Second, on modern treaties and statistical data, based on our experience in negotiations over many years, it is our view that the treaty process as currently administered is seriously deficient in its ability to contemplate a post-treaty relationship between our governments.

During our negotiations, the Maa-nulth chiefs introduced the proposition that treaties were living documents and, as such, had to be revised on a regular basis in order to determine the health of the relationship.
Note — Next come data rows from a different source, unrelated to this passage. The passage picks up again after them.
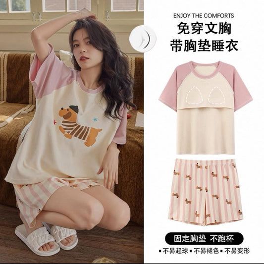Casual walking pants, cartoon dachshund pajama pants, women's summer plaid double pocket plus size loose drawstring lounge pants
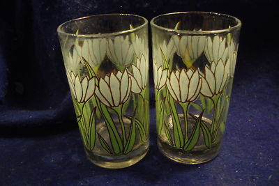 GRANDMAS GLASS PAIR OF 5 INCH FLOWERED TUMBLERS
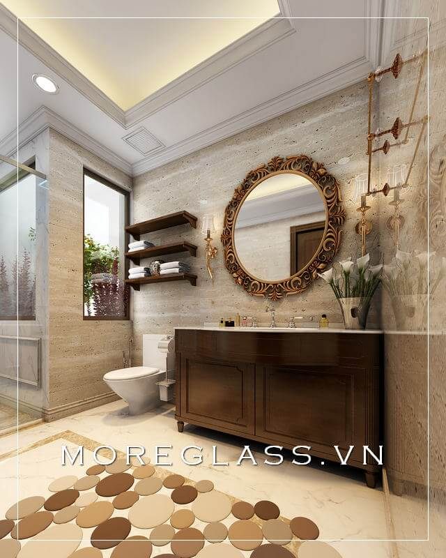 Mẫu gương phòng tắm ấn tượng với đường viền gương họa tiết sang trọng màu vàng đồng.
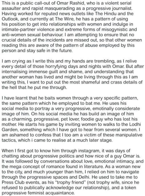 She alleged, “This is a public call-out of Omar Rashid, who is a violent serial assaulter and rapist masquerading as a progressive journalist. Having worked for reputed news outlets like The Hindu and the Outlook, and currently at The Wire, he has a pattern of using his position to get into relationships with women and indulge in intimate-partner violence and extreme forms of misogynistic and anti-women sexual behavior. I am attempting to ensure that no crucial details of the incidents are missed out, so that other women reading this are aware of the pattern of abuse employed by this person and stay safe in the future. I am crying as I write this and my hands are trembling, as I relive every detail of those horrifying days and nights with Omar. But after internalizing immense guilt and shame, and understanding that another woman has lived and might be living through this as I am writing this, I want to put out the most shameful and crass details of the hell that he put me through. I have learnt that he baits women through a very specific pattern, the same pattern which he employed to bat me. He uses his social media to portray a very progressive, emotionally considerate image of him. On his social media he has build an image of him as a charming, progressive, pet lover, foodie guy who has lost his mother. He starts his game by inviting women to walks to the Lodhi Garden, something which I have got to hear from several women. I am ashamed to confess that I too am a victim of these manipulative tactics, which i came to realize at a much later stage. When I first got to know him through Instagram, it was days of chatting about progressive politics and how nice of a guy Omar is. It was followed by conversations about love, emotional intimacy, and the mega concept of romance found in literature. As a woman new to the city, and much younger than him, I relied on him to navigate through the progressive spaces and Delhi. He used to take me to Press Club events, as his “trophy friend” (not trophy wife, since he refused to publically acknowledge our relationship), and a token progressive feminist acquaintance.”
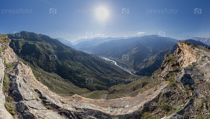 Панорамный вид пейзажа в горах Дагестана, Северного Кавказа, Россия. Река протекает через долину. Вид на крутые склоны и горные хребты, скрытые легким туманом в солнечный день
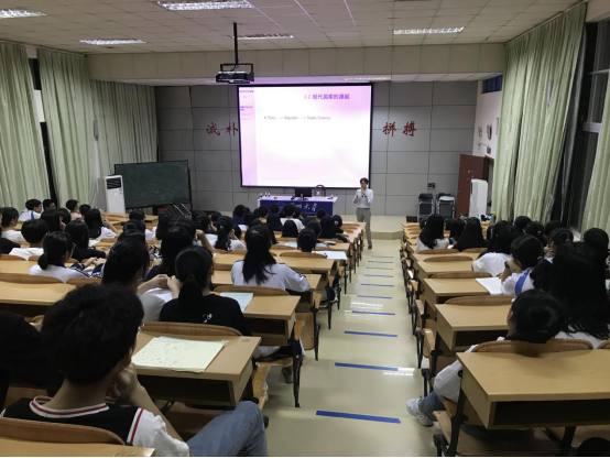 副教授陈一一做了题为“政治学中的国家概念及其发展”讲座,从国家的含义和类型、国家的形式、国家机构三个角度进行了系统讲述。在讲座中,同学们热情高涨,积极参与互动,展现了当代中学生丰富的知识积累以及自信的精神风貌。讲座后,同学们纷纷向陈一一副教授请教关于国家类型、国家机构设立原则以及现实世界中的国家问题等方面的内容,展现了当代中学生关心国家建设、立志报效祖国的主人翁精神。
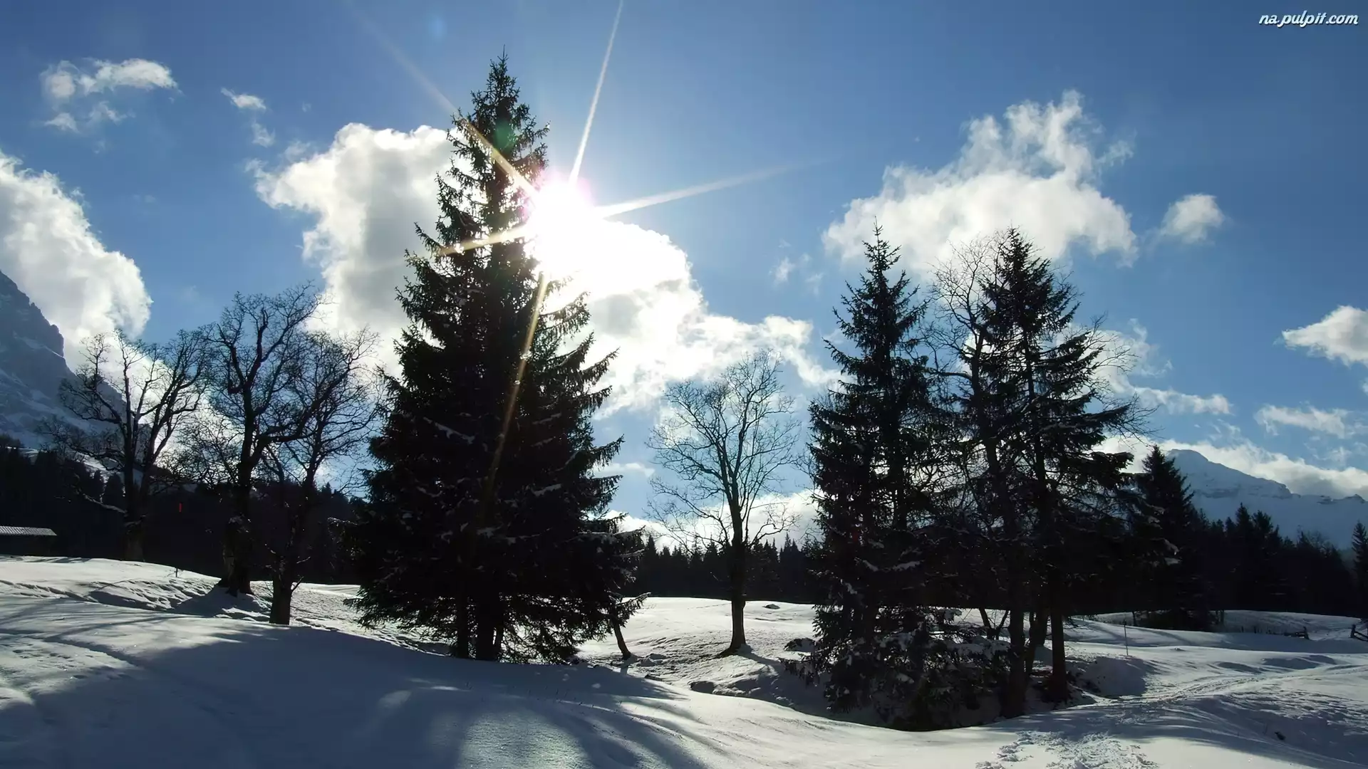 Zima, Śnieg, Słońce, Drzewa
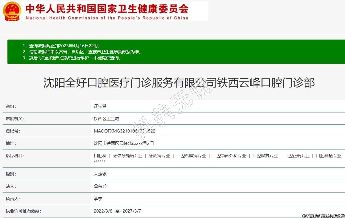 沈陽(yáng)全好口腔醫(yī)療門(mén)診服務(wù)有限公司鐵西云峰口腔門(mén)診部
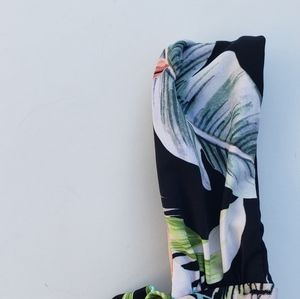 JANTZEN one piece swimsuit. Features include a beautiful floral pattern. wrap bodice and ruching at the sides. Bodice is lightly padded and back has the JANTZEN signature metal logo. Mesh lined interior. Like new condition.
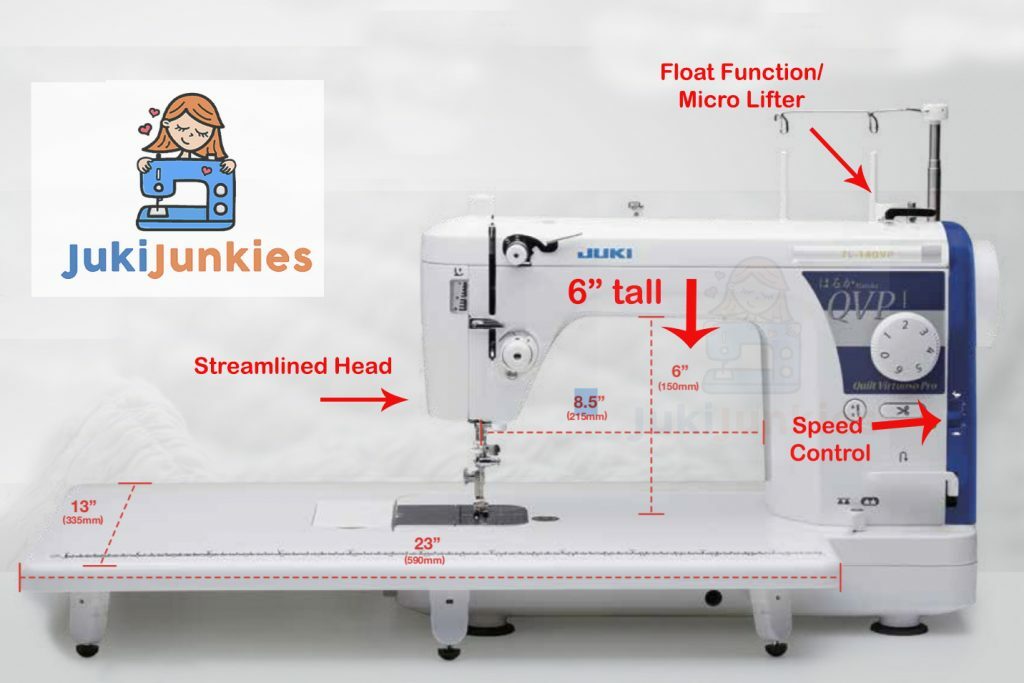The throat space is 6” high by 8.5” wide. This make it easy for rolling quilts and constructing bags. Additionally, the head shape of the machine is streamlined, giving you great visibility from both front and side angles. Notice it’s not as bulky as a computerized machine. I love this while free motion quilting because it allows me to see my quilting from the side view too.
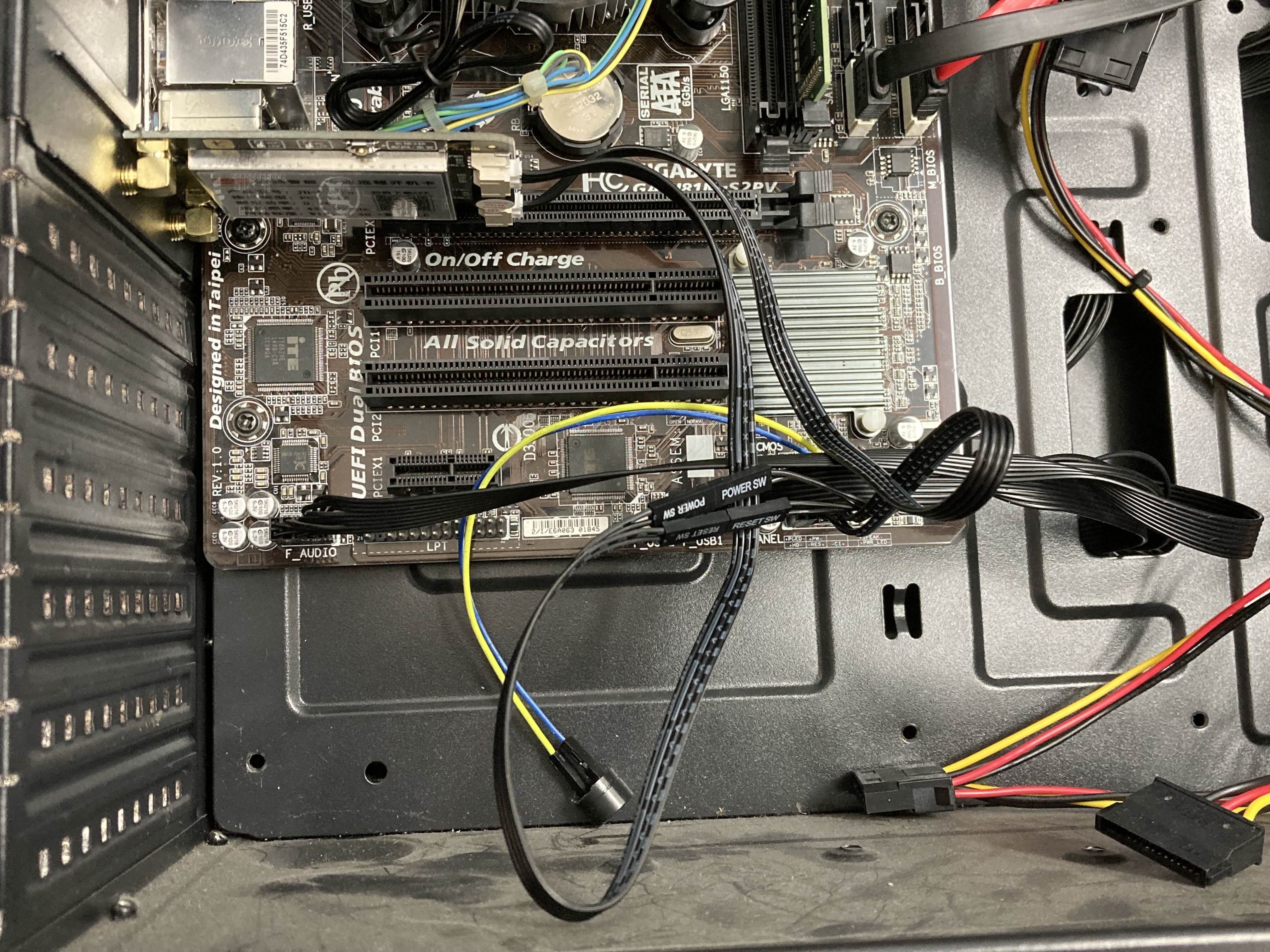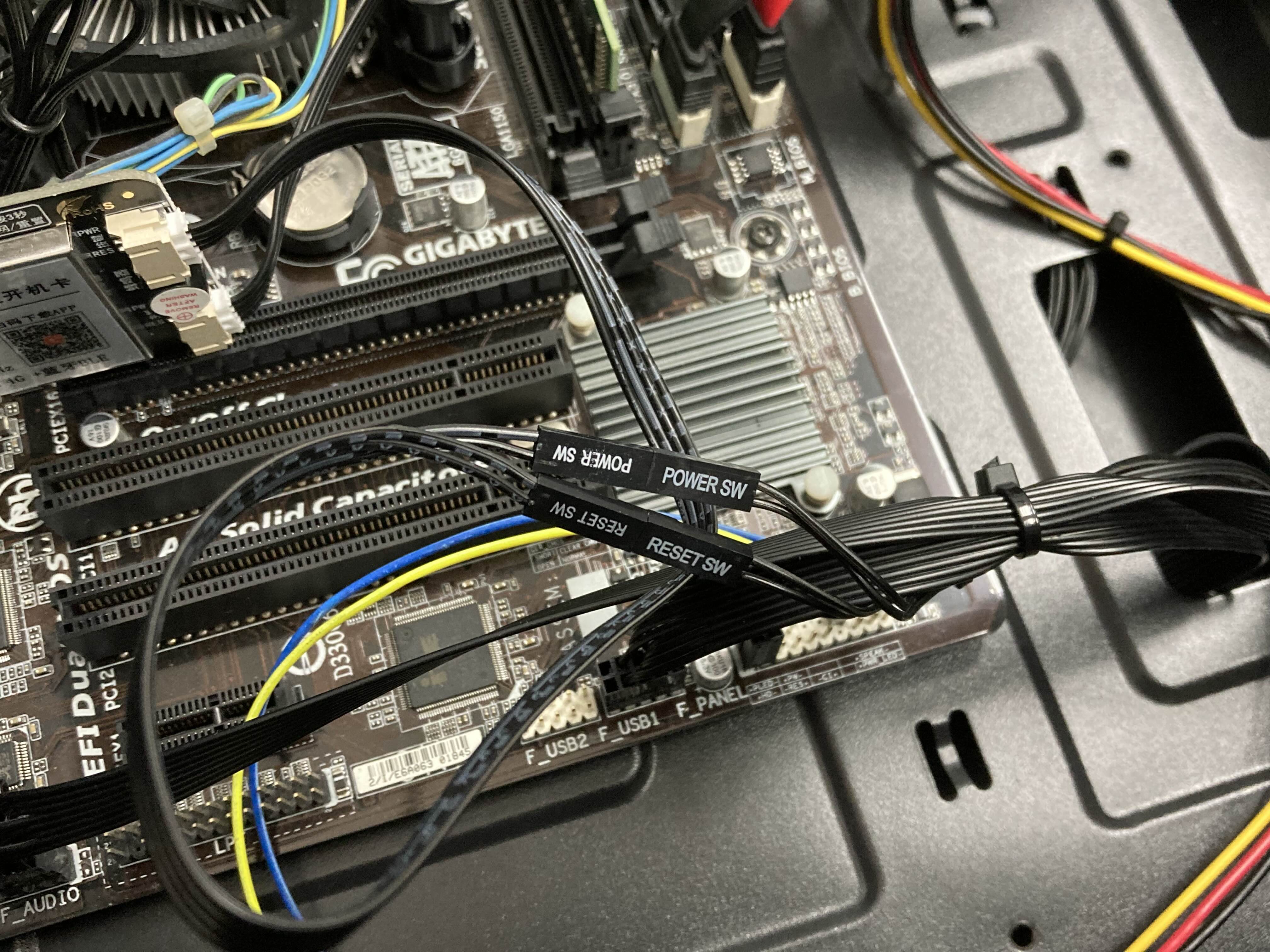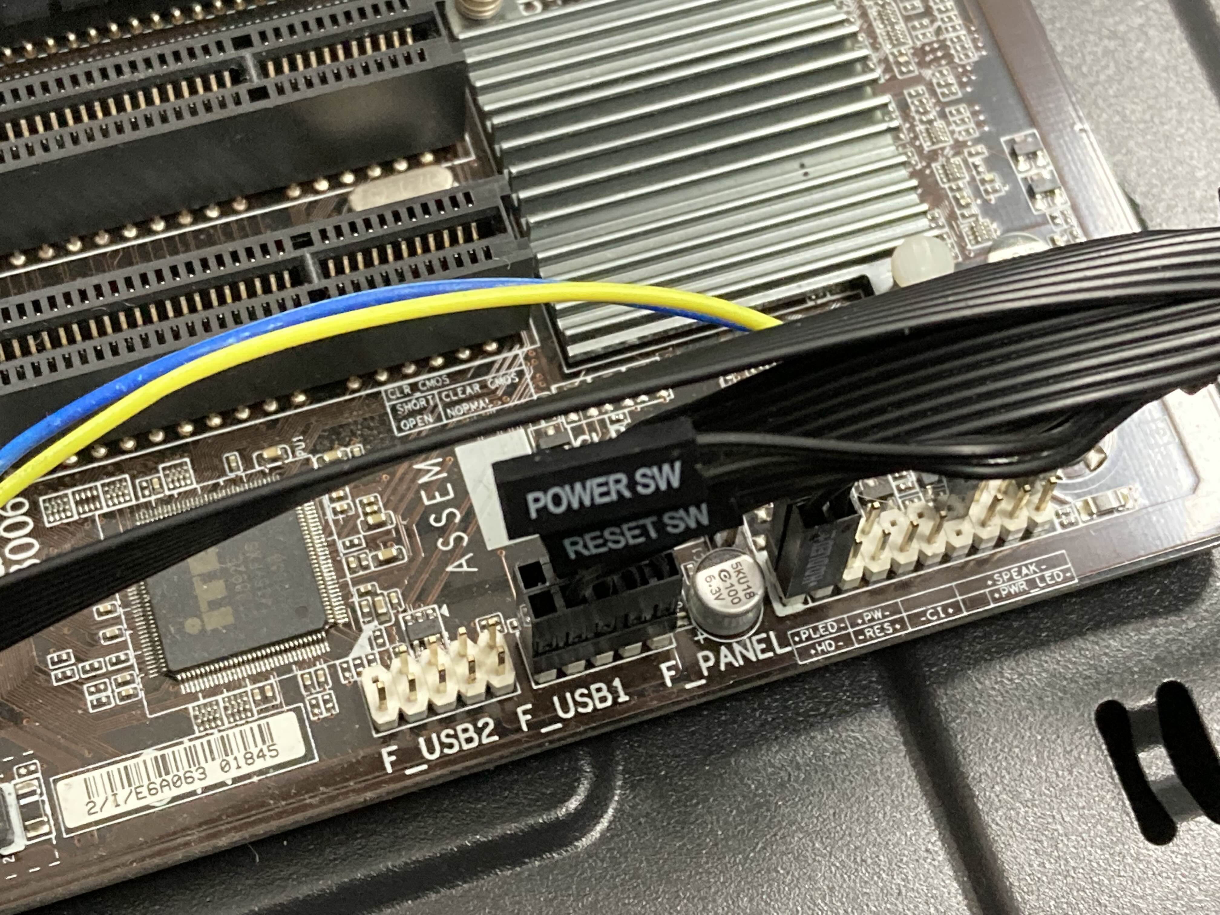 모듈에서 나오는 전원, 리셋 스위치 선을 메인보드에 연결해줍니다.
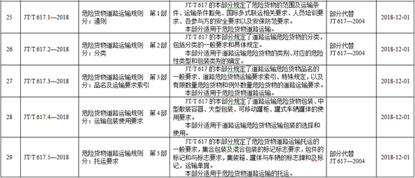 該標(biāo)準(zhǔn)將于2018年12月1日起實施。標(biāo)準(zhǔn)包括7個部分、600多頁、40多萬字,內(nèi)容完整、系統(tǒng)性強,對危險貨物分類、包裝、托運、裝卸、運輸?shù)拳h(huán)節(jié)的操作要求都進行了明確規(guī)定。
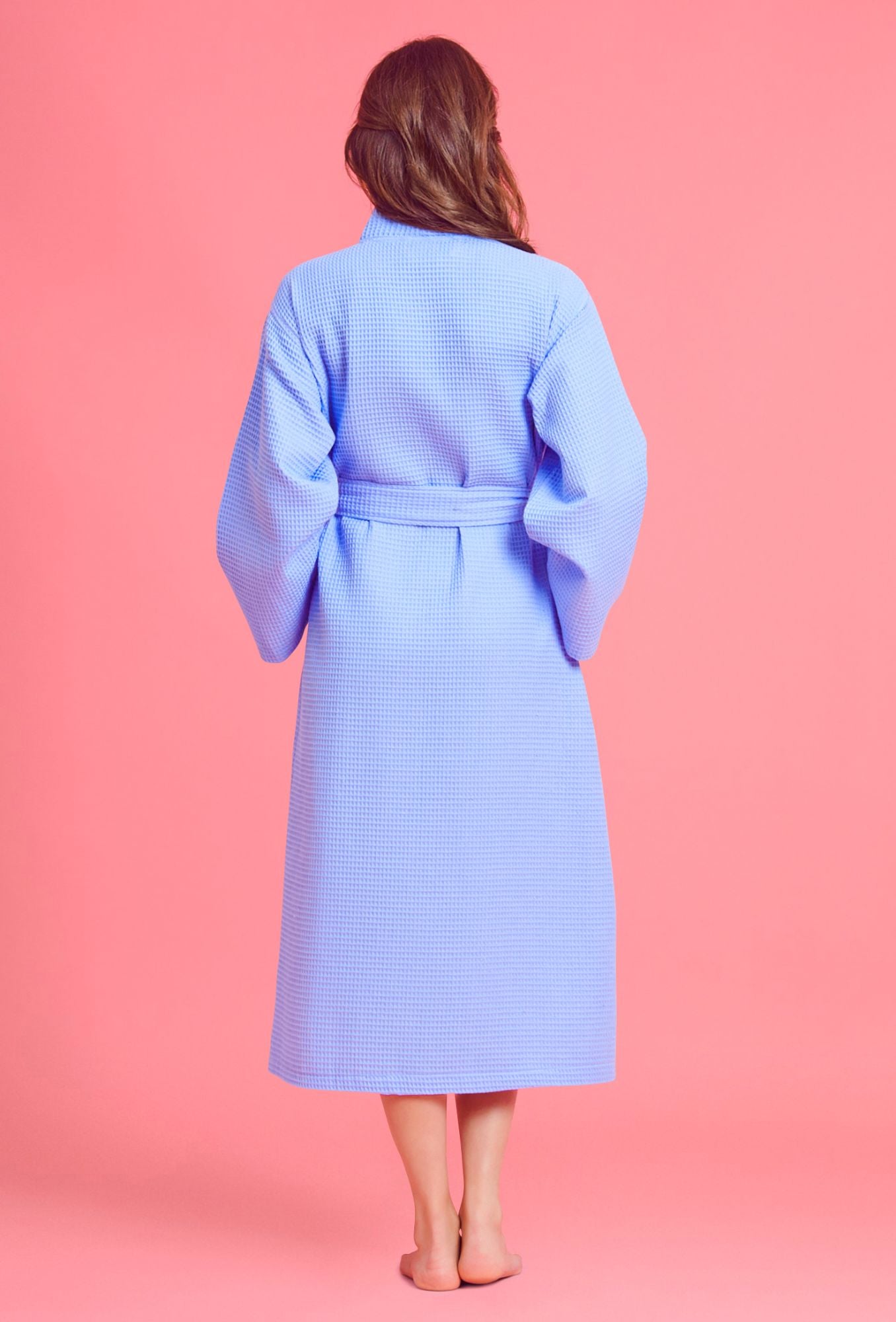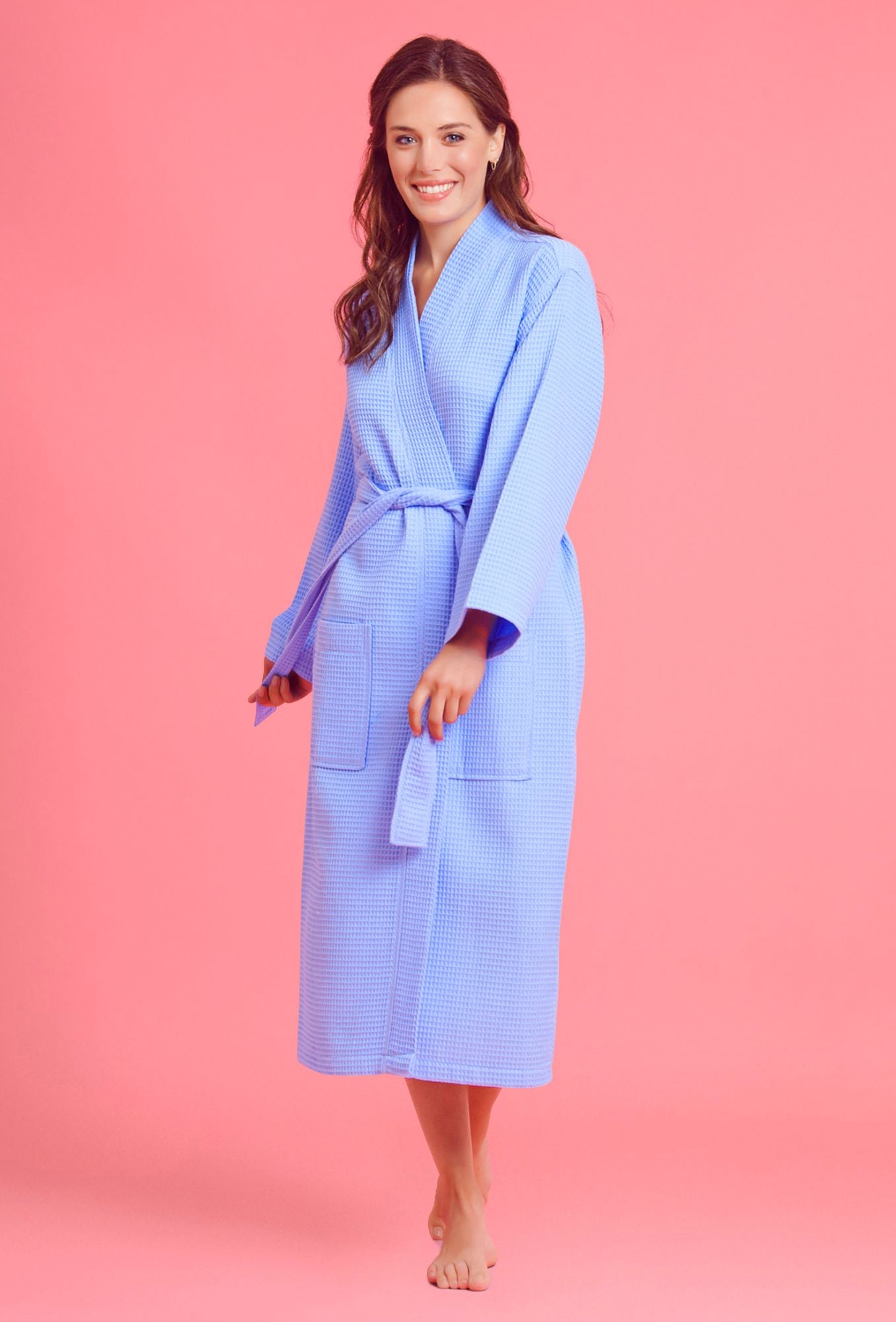 The long length and loop through belt featured in the design of this luxuriously lightweight bathrobe allow women to enjoy spa quality in the comfort of their own homes. Though light, the premium cotton kimono towel offers amazing absorbency. Available in white, pink, navy and other colors, the waffle serves as a pool coverup, bathrobe or spa wrap.

While we were successful in persuading Canada and British Columbia to incorporate the concept of a periodic review of the treaty every 15 years, we were not able to find wording to give precise guidance on how this review would take place. It is our understanding that the governments at that time were afraid we were simply looking for an opportunity to renegotiate the treaty at a later date. In fact, this was very much not the case. While we had no desire to renegotiate our treaty, we felt it was imperative we build a degree of flexibility to allow future generations to make economic, legal, and policy decisions that ensured that the objectives of the treaty were met. We felt, and still feel, it is critical to know which aspects of our treaty are working and which are not.

While the provisions in our treaty are not specific in this regard, it is our view that the periodic review process should be informed to the greatest degree possible by a statistical baseline of information. We therefore strongly urge Canada and British Columbia to adopt policies to foster data collection in post-treaty first nations; as well, to use various generally accepted criteria of social, economic, and policy indicators in this process; to work directly with first nations in this data collection and to invest the necessary resources in this data collection. It is our view that this information will allow for better governance and will benefit both the Maa-nulth and the federal and provincial governments. More importantly, we believe this information can be of immense assistance in bringing about true reconciliation.

On modern treaties and loan funding, in addition to acknowledging that modern treaties are living documents by which reconciliation is achieved over time, the Maa-nulth treaty nations strongly believe that the process itself must be fair and equitable. To the extent the current federal policy requires first nations to borrow money in order to participate in treaty negotiations, we believe that the process is inherently inequitable. First nations should not be required to pay to solve a problem they did not create, a problem that has had profound adverse effects upon our communities for generations. We agreed to this policy approach and to borrow a great deal of money because we felt we had no alternative if we were going to bring about an end to the historic colonial relationship.

However, the existence of these loans has proved to be both a political and an economic hardship. If Canada truly wants reconciliation with first nations, we urge you to, first, eliminate the required borrowing provisions in the comprehensive claims policy; second, forgive the loans that are currently outstanding for communities that have been engaged in treaty negotiations; and third, to the extent that any community has repaid any portion of their loans, those communities should be reimbursed for those funds.

With that, we thank you for the opportunity to express our views on these matters. It should be noted, however, that there are a great many more aspects to the claims policy about which we have views and recommendations.

Given the magnitude of the task you have taken on and the limited time we had to prepare and present our perspective, we would like to recommend that the standing committee allow Maa-nulth communities further time to prepare a more comprehensive analysis of your policy. If this were to be the case, we would be most willing to appear before you a second time and to speak to your recommendations.

Once again, thank you for this opportunity.